31 oktober 2014

CCEdu and bridgebuilding

A class of 16 students, 7 went home so I only had 9 left. The replacement before me probably was a bit boring. Even though I had Minecraft and they knew it, they left early :(

Ok, so I had 9 students left to challenge with bridge building, MinecraftEDU and ComputerCraftEDU. Suddenly there was 3 groups: 4, 4 and 1 (!). The single one you can't call a group, but he is a couple of years older and if I remember correctly, has dysphasia; blue, red and green team.




Red team
Immediately the red team turned out to be the group with less collaboration and none existing communication. They were more concentrated to build a wall against the other groups than to actually do the bridge building mission.




First one, later two students found a way out of the test area and started to build a bridge. Not a nice one but a working one.

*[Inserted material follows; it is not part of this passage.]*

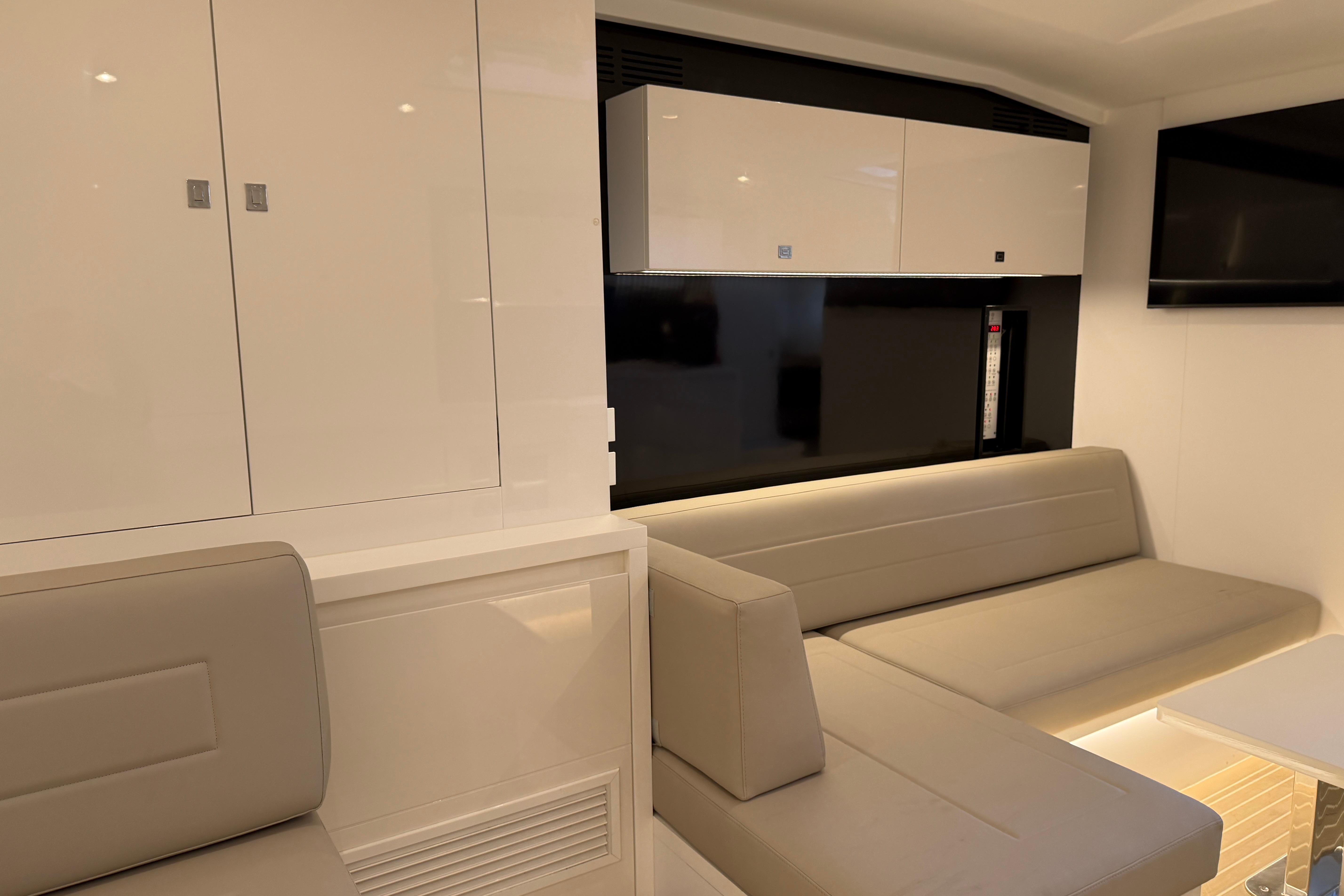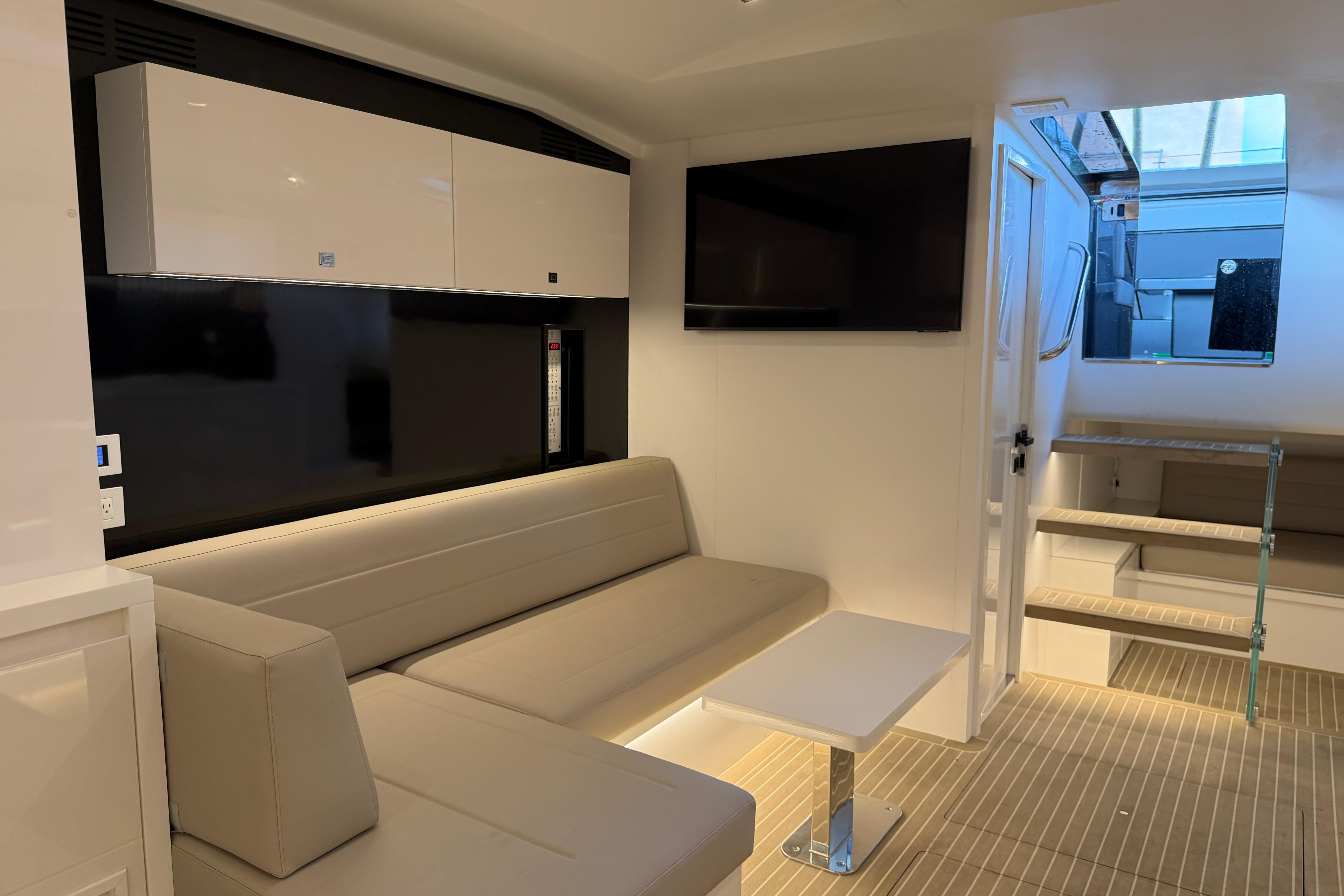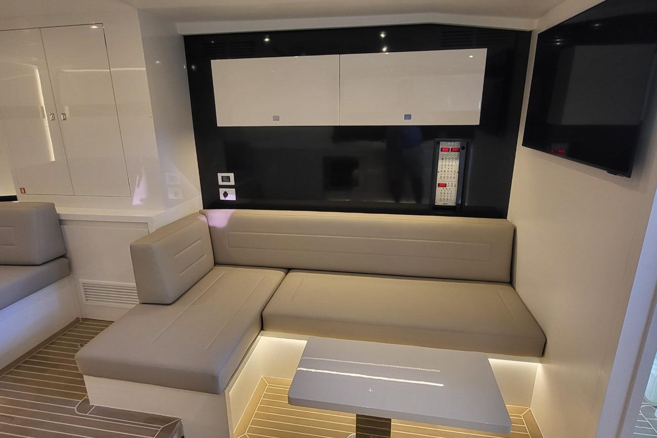 - Aft of salon there is "L" shaped beach seating.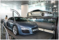 Knowing this it is no surprise to see cars, bikes and motor bikes named Horch, Wanderer, DKW, NSU, Auto Union and for sure Audi itself in the permanent exhibition of the museum mobile as all these brands are part of the heritage of Audi as we know it today. This permanent exhibition is located on the two top floors rounding the atrium. Beeing designed as galleries they are flooded with light though the skylight in the middle of the building and the large glass front on the outside.

The other two suddenly realized they could leave after completing the bridge so they run away building something similar as a forth team, yellow, just to be able to leave 1 hour before time. The carrot turned out to be leave early :P

Blue Team
The other two teams took the challenge more seriously and followed the steps, tried their best to do a nice bridge (just for fun!) and the one man army continued.

While blue team was testing they ran into some problem which they tried to correct, as a never ending loop (picture below). Second try the guy had connected his remote to the turtle and could stop it before it had went away too long. One of the team members is the one with ADD I've talked about before and this way of making code suits him perfectly, he was as equal as the other members contributed code.








Green team
One man army
Well, he's a bit stubborn and a bit older. He said he would learn more if he could, would be allowed, to do it himself. So I let him to do that. It took a lot of time, the final code had some mistakes but he will continue from home. 


Funny thing with these two students with diagnose, this was the right way to teach them make codes. Both of them turned out to be brilliant programmers just because of the drag & drop in combination you could test all the time what happened.

Today's mindmap

When communication and collaboration works, everything goes (black boxes). When it don't work it creates stubbornness and I, the teacher, has failed. And this last try, teach through a game is not working. On the other hand, nothing works and the problem is more individual, they have no interest what so ever to participate in an education.


I do have lots of experience to the next course in the same area, introduction to codes but with the first years students.